**INPUT MATERIAL**:
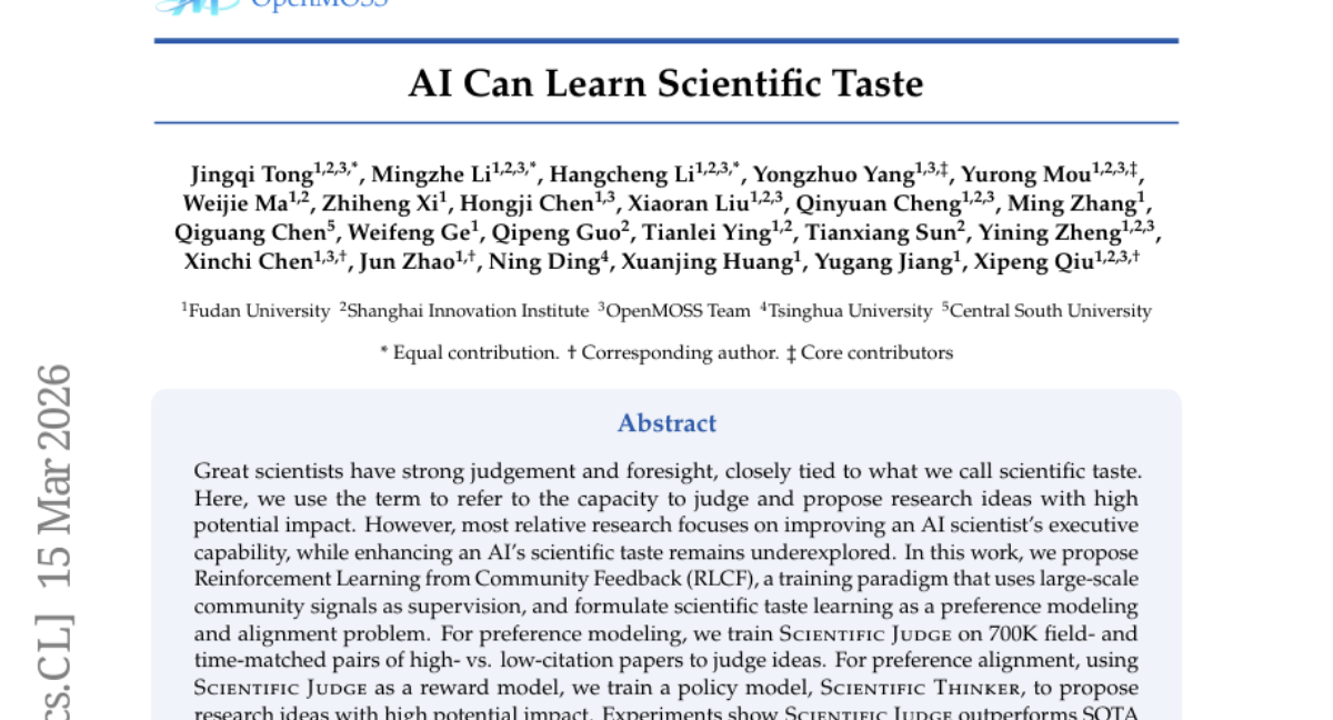 ๐ Keywords: Scientific Taste, Reinforcement Learning, Community Feedback, AI Scientists
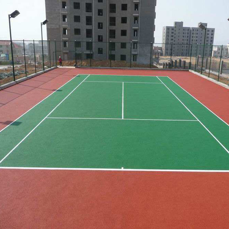 2、中涂層(兩道):一種不含石棉.與石英砂混合使用的丙烯酸乳液鋪涂層,具有滲透性好、強度大的特點。能增強場地的強度、平整度和使用壽命。
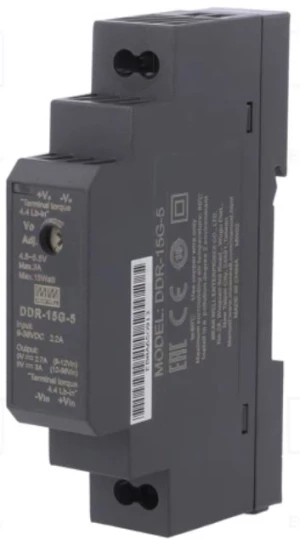 Przetwornica 15W 9~36V-5V 3A o numerze katalogowym DDR-15G-5 w kategorii Przetwornice AC/DC i DC/DC, Zasilacze. Produkt wyprodukowany przez markę MEAN WELL, seria DDR.
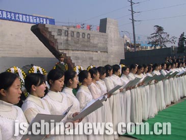 中新江蘇網(wǎng)12月13日電 (記者 王國安)今天上午,侵華日軍南京大屠殺遇難同胞紀(jì)念館的悼念廣場上響起“和平之聲”——在這里參加“悼念南京大屠殺三十萬同胞遇難六十五周年儀式暨南京國際和平集會”的三千名各界人士齊聲高唱《五月的鮮花》、《紫金草,和平的花》、《和平頌》,用歌聲表達了呼喚和平、維護和平、熱愛和平、促進發(fā)展的強烈愿望。
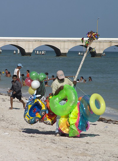 Carlos offers the Banana for rent for about three dollars to any person who wants to jump on it for a few minutes. Three dollars is good for a wild ride across the shallow waters of the Gulf of Mexico off this popular beach on the north side of the Yucatan Peninsula.
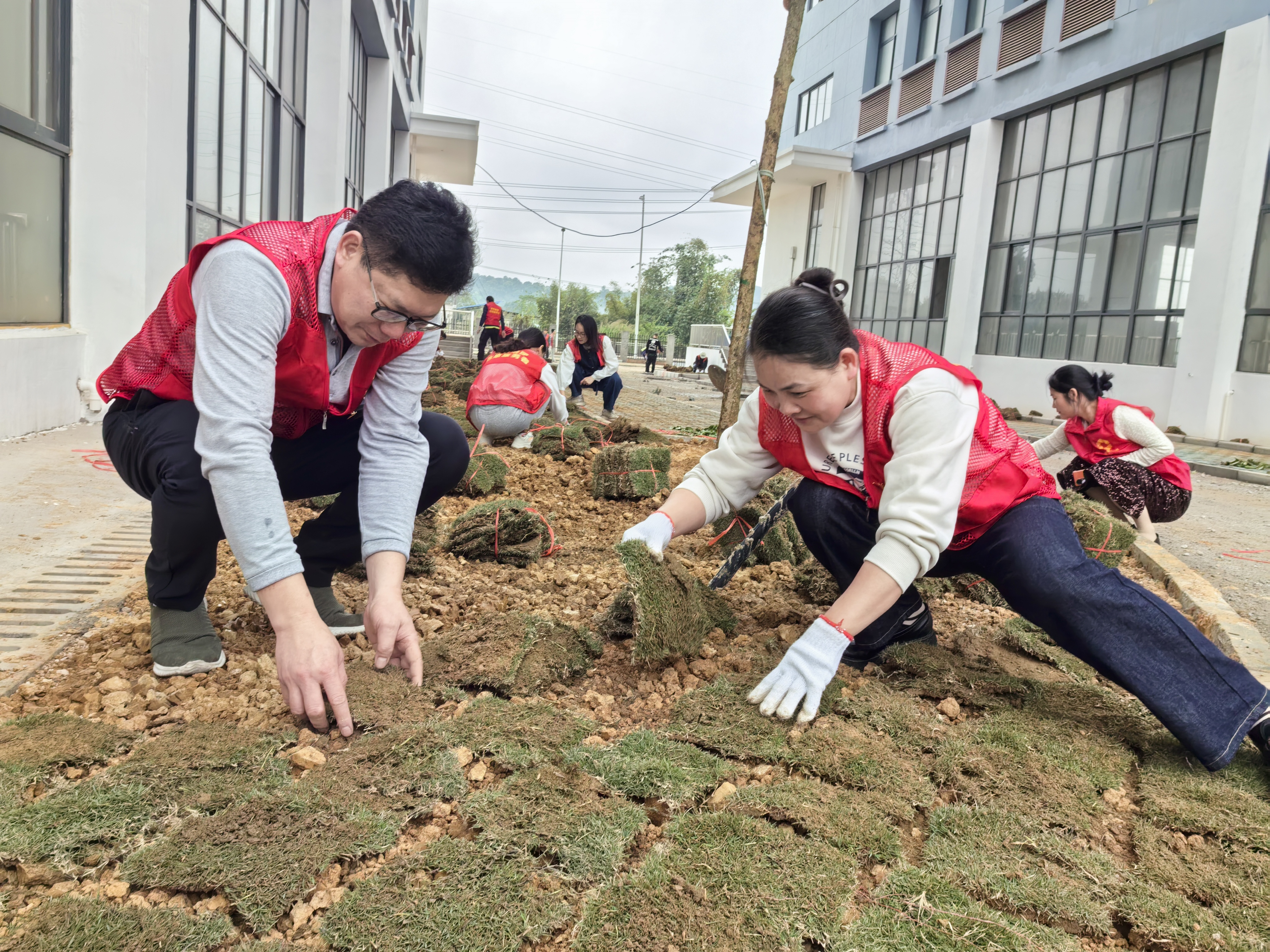 “這棵樹苗要扶正,不然長大后會歪的?!?/span>榮鑫公司黨支部委員、副總經(jīng)理唐欽月一邊指導(dǎo)身邊的同事,一邊用腳輕輕踩實樹苗周圍的泥土。她笑著說:“植樹就像培養(yǎng)孩子,一開始就要打下好基礎(chǔ)?!?/span>她的臉上掛著汗珠,但眼神中滿是認(rèn)真。不遠處,年輕的入黨積極分子楊文君正和同事們一起鋪設(shè)草皮。他們動作熟練,配合默契,不一會兒就鋪出了一大片嫩綠的草地。楊文君擦了擦額頭的汗水,笑著說:“今天雖然累,但看到這片新綠,心里特別踏實。作為入黨積極分子,能和黨員們一起為生態(tài)環(huán)境出一份力,感覺特別有意義。”
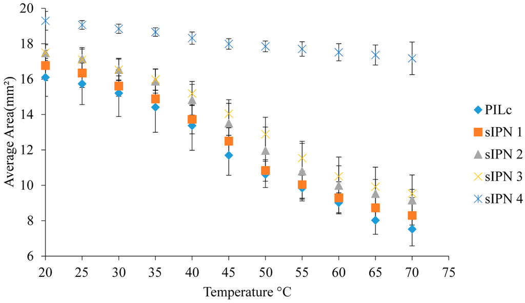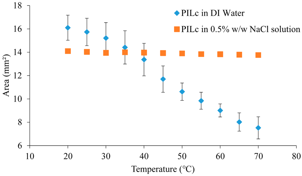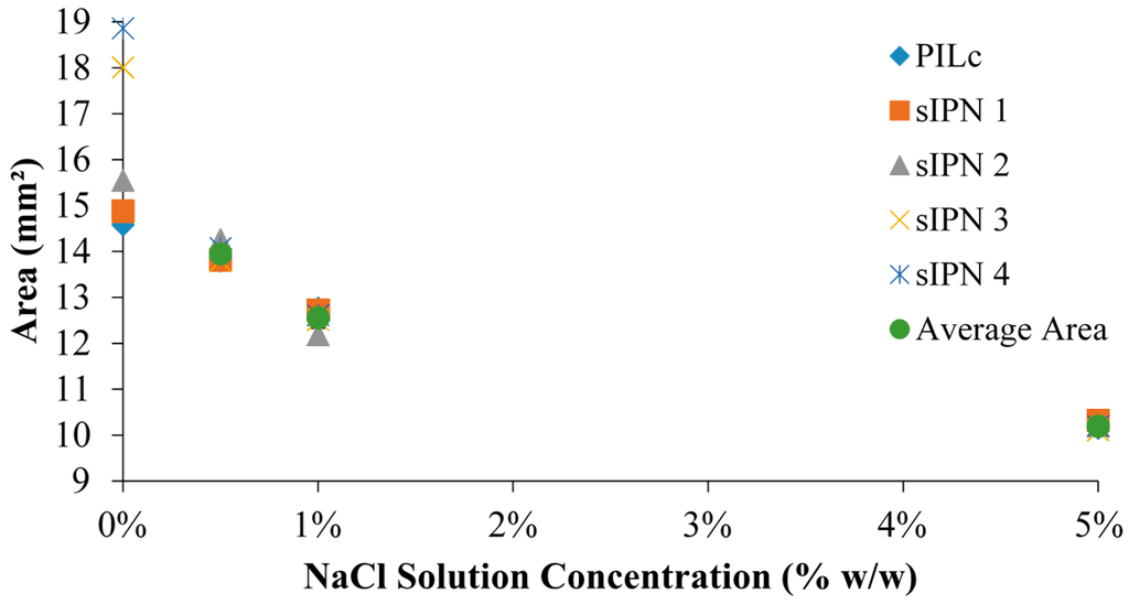As described in the Experimental Section, the hydrogels were initially allowed to swell in DI water. For each measurement, three different hydrogels were used, to ensure that the process is reproducible. In Figure 11, the area difference at each temperature step is plotted against temperature to determine the influence of the linear p(NiPAAm-BSP-AA) copolymer on the temperature induced shrinking properties of the sIPN hydrogels. Using Equation (1), the area difference between the hydrogels at 20 °C and 70 °C was calculated (Table 5). PILc showed the highest degree of area shrinking at ~53.3% of its fully hydrated size, followed by sIPN 1, sIPN 2, and sIPN 3, with ~50.6%, ~47.6%, and ~45.5% area shrinking, respectively. These results indicate that the addition of the linear p(NiPAAm-BSP-AA) copolymer doesn’t significantly influence the thermally induced shrinking capabilities of the PIL matrix up to a linear copolymer:PILc molar ratio of 3:1. With sIPN 4 however, the shrinkage effect is much reduced at ~11%, suggesting that above a certain concentration of the copolymer, the linear chains inside the PILC matrix inhibit the collapse of the matrix. The effect of salt in the hydrating medium on the temperature response of the hydrogels was also investigated. In Figure 12, the temperature response of the PILc in the presence of 0.5% w/w NaCl was completely prevented. This result is consistent with a previous study done by Men et al. which showed that the LCST of different linear poly(ionic liquid)s is influenced by the presence of competing ions in the hydrating solution, to the point that the LCST completely disappears if the competing salt has a chaotropic behaviour []. In our experiments a 0.5% w/w NaCl concentration was enough to stabilize the PSPA chains in such a way that they did not collapse at any temperature. Furthermore, the 0.5% w/w NaCl solution had a similar effect with all the sIPNs, completely suppressing the temperature induced swelling in every case.

**WORK REQUIRED**:
Exactly as written above, print every line of the data but not its pictures.

**TASK RESULT**:
 ๐ Keywords: Scientific Taste, Reinforcement Learning, Community Feedback, AI Scientists
 2、中涂層(兩道):一種不含石棉.與石英砂混合使用的丙烯酸乳液鋪涂層,具有滲透性好、強度大的特點。能增強場地的強度、平整度和使用壽命。
 Przetwornica 15W 9~36V-5V 3A o numerze katalogowym DDR-15G-5 w kategorii Przetwornice AC/DC i DC/DC, Zasilacze. Produkt wyprodukowany przez markę MEAN WELL, seria DDR.
 中新江蘇網(wǎng)12月13日電 (記者 王國安)今天上午,侵華日軍南京大屠殺遇難同胞紀(jì)念館的悼念廣場上響起“和平之聲”——在這里參加“悼念南京大屠殺三十萬同胞遇難六十五周年儀式暨南京國際和平集會”的三千名各界人士齊聲高唱《五月的鮮花》、《紫金草,和平的花》、《和平頌》,用歌聲表達了呼喚和平、維護和平、熱愛和平、促進發(fā)展的強烈愿望。
 Carlos offers the Banana for rent for about three dollars to any person who wants to jump on it for a few minutes. Three dollars is good for a wild ride across the shallow waters of the Gulf of Mexico off this popular beach on the north side of the Yucatan Peninsula.
 “這棵樹苗要扶正,不然長大后會歪的?!?/span>榮鑫公司黨支部委員、副總經(jīng)理唐欽月一邊指導(dǎo)身邊的同事,一邊用腳輕輕踩實樹苗周圍的泥土。她笑著說:“植樹就像培養(yǎng)孩子,一開始就要打下好基礎(chǔ)?!?/span>她的臉上掛著汗珠,但眼神中滿是認(rèn)真。不遠處,年輕的入黨積極分子楊文君正和同事們一起鋪設(shè)草皮。他們動作熟練,配合默契,不一會兒就鋪出了一大片嫩綠的草地。楊文君擦了擦額頭的汗水,笑著說:“今天雖然累,但看到這片新綠,心里特別踏實。作為入黨積極分子,能和黨員們一起為生態(tài)環(huán)境出一份力,感覺特別有意義。”
As described in the Experimental Section, the hydrogels were initially allowed to swell in DI water. For each measurement, three different hydrogels were used, to ensure that the process is reproducible. In Figure 11, the area difference at each temperature step is plotted against temperature to determine the influence of the linear p(NiPAAm-BSP-AA) copolymer on the temperature induced shrinking properties of the sIPN hydrogels. Using Equation (1), the area difference between the hydrogels at 20 °C and 70 °C was calculated (Table 5). PILc showed the highest degree of area shrinking at ~53.3% of its fully hydrated size, followed by sIPN 1, sIPN 2, and sIPN 3, with ~50.6%, ~47.6%, and ~45.5% area shrinking, respectively. These results indicate that the addition of the linear p(NiPAAm-BSP-AA) copolymer doesn’t significantly influence the thermally induced shrinking capabilities of the PIL matrix up to a linear copolymer:PILc molar ratio of 3:1. With sIPN 4 however, the shrinkage effect is much reduced at ~11%, suggesting that above a certain concentration of the copolymer, the linear chains inside the PILC matrix inhibit the collapse of the matrix. The effect of salt in the hydrating medium on the temperature response of the hydrogels was also investigated. In Figure 12, the temperature response of the PILc in the presence of 0.5% w/w NaCl was completely prevented. This result is consistent with a previous study done by Men et al. which showed that the LCST of different linear poly(ionic liquid)s is influenced by the presence of competing ions in the hydrating solution, to the point that the LCST completely disappears if the competing salt has a chaotropic behaviour []. In our experiments a 0.5% w/w NaCl concentration was enough to stabilize the PSPA chains in such a way that they did not collapse at any temperature. Furthermore, the 0.5% w/w NaCl solution had a similar effect with all the sIPNs, completely suppressing the temperature induced swelling in every case.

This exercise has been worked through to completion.